### Work item
Please print exactly the lines from the one containing "Multi Layer Kundan" through the last line of the records, and only those. Leave out any pictures.

### Data supplied
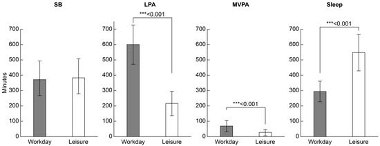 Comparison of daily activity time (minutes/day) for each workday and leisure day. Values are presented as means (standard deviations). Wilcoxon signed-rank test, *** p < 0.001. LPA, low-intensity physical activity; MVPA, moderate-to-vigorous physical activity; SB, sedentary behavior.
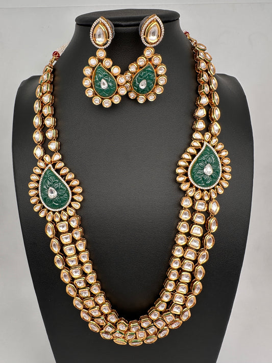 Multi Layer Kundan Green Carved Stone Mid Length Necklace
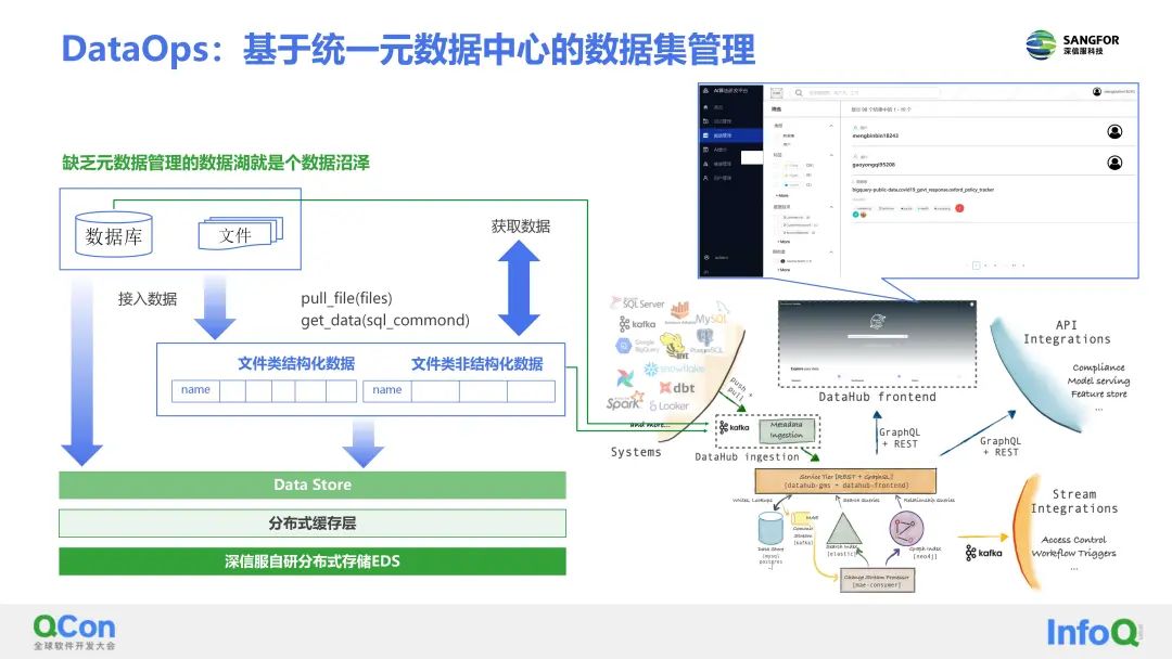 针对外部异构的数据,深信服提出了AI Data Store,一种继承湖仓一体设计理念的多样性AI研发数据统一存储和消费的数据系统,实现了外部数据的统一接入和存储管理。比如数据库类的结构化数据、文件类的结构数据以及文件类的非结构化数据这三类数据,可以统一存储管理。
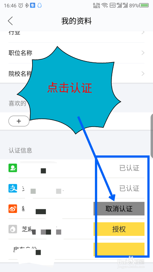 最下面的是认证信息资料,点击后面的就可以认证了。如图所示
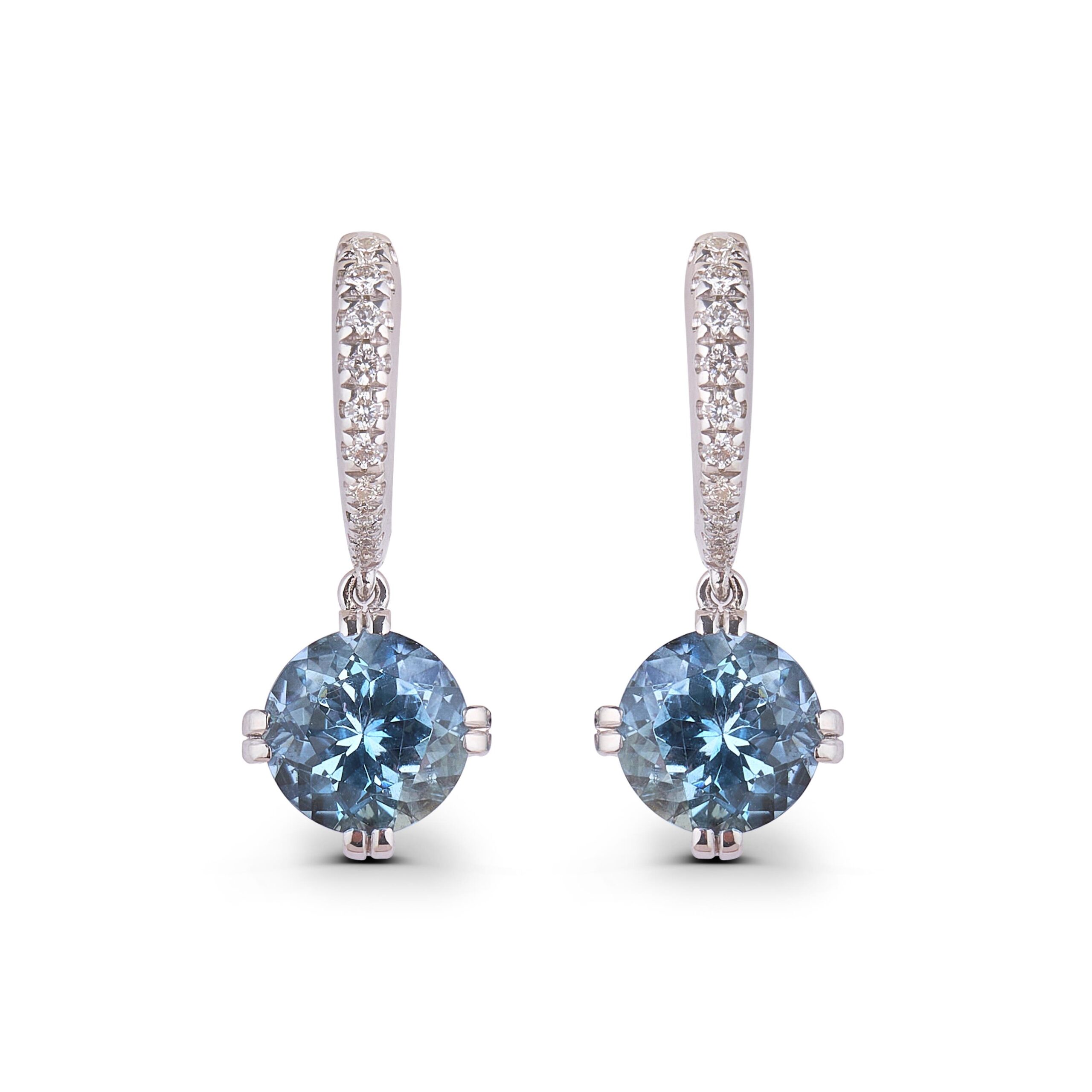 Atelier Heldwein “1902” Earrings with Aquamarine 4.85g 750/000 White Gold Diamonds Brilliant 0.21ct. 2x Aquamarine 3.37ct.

### Response box
 Multi Layer Kundan Green Carved Stone Mid Length Necklace
 针对外部异构的数据,深信服提出了AI Data Store,一种继承湖仓一体设计理念的多样性AI研发数据统一存储和消费的数据系统,实现了外部数据的统一接入和存储管理。比如数据库类的结构化数据、文件类的结构数据以及文件类的非结构化数据这三类数据,可以统一存储管理。
 最下面的是认证信息资料,点击后面的就可以认证了。如图所示
 Atelier Heldwein “1902” Earrings with Aquamarine 4.85g 750/000 White Gold Diamonds Brilliant 0.21ct. 2x Aquamarine 3.37ct.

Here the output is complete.